Let’s look at the deal from the financial side first. Xerox will be paying $6.4b for ACS of which 30% will be in cash. At $63.11 per share, this is a 34% premium to ACS’ $47.25 closing price last week. Based on ACS’ FY09 numbers (to 30th June) Xerox is paying a PSR of 1x sales, though if you add in the $2b of debt that Xerox is also going to assume, then that’s an EV/sales more like 1.3x. The price represents 9x FY09 EBIT (12x EV/EBIT) and 18x FY09 P/E. Although these are not ‘fire sale’ prices – and nor should they be – they seem much fairer prima facie than the outrageous price Dell is paying for Perot (see Dell, Perot try the Texas Tango).

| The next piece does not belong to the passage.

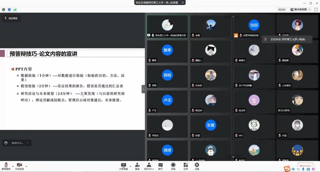 本次公开课以硕士三年级员工的预答辩、二年级的开题答辩指导及论文撰写为主要内容。陈迪细心向大家讲解了预答辩的技巧及注意事项,重点分享了PPT制作的要点,并提出了通过多种途径记录老师所提的问题的建议,从而为后期正式答辩和盲审的顺利通过做好准备;乔建麟以“研究方法及其如何应用?”“如何去分析数据?”等5个问题入手,对开题答辩进行了详细的讲解;尚宴莹为大家介绍了多个查找文献的渠道,鼓励大家在选择题目时多与导师交流沟通,并对写作小论文和发表论文流程进行了重点分享。

Unlike Perot, ACS looks like a classic ‘boring’ BPO/IT services play, with steady margins (around 10-11% vs 7-8% at Xerox), long-term contracts, diversified portfolio of services etc etc – I guess in some ways like an 'American Capita'. That’s why the price doesn’t raise my eyebrows. Indeed, Capita is currently valued at 1.8x FY08 revenues and 15x EBIT but runs at a 12% margin, again making the ACS price not look daft.

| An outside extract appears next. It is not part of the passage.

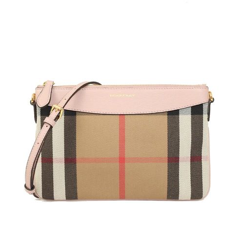 BURBERRY 英系格紋手拿斜背兩用包(藍紫)

But yet again it’s the strategic value of the deal that I struggle with. Xerox has already confirmed that it will not combine its existing managed print services into the ACS business, so the growth case appears to be predicated on the famous ‘revenue synergies’. So tell me this. If you buy your copiers from Xerox, would you be more inclined to buy BPO/IT services from ACS? And if you are already an ACS client and you are in the market for copiers, wouldn’t you already be looking at Xerox? And if you chose a competitor instead, would its ownership of ACS have changed your mind?
I am even more worried that the headlong rush of product companies acquisitively moving into services is going to end in a multiple pile-up. Even if the financial argument is compelling – and it isn’t (the cost savings in this deal are more to do with delisting ACS and unspecified procurement and back office savings – nothing to do with service delivery) – the market proposition just has to make sense. And to me it doesn’t.
By the way, ACS is tiny in the UK, much like Perot. Their last UK accounts (to 31 June '08) showed some £16m in revenues, probably including some of the Syan acquisition (see Goodbye Syan. What does this mean for ITO to SMEs?), which still would leave them under £50m p.a., I would think. So no landscape-changing stuff here, then.
And finally (for now) ... who's gonna be next? We're fast running out of independent IT services players to be acquired. Dare we suggest CSC? But who would buy them? Let's see now, on current track record, it needs to be a completely inapppropriate hardware vendor. Hmmm. I know! How about Cisco?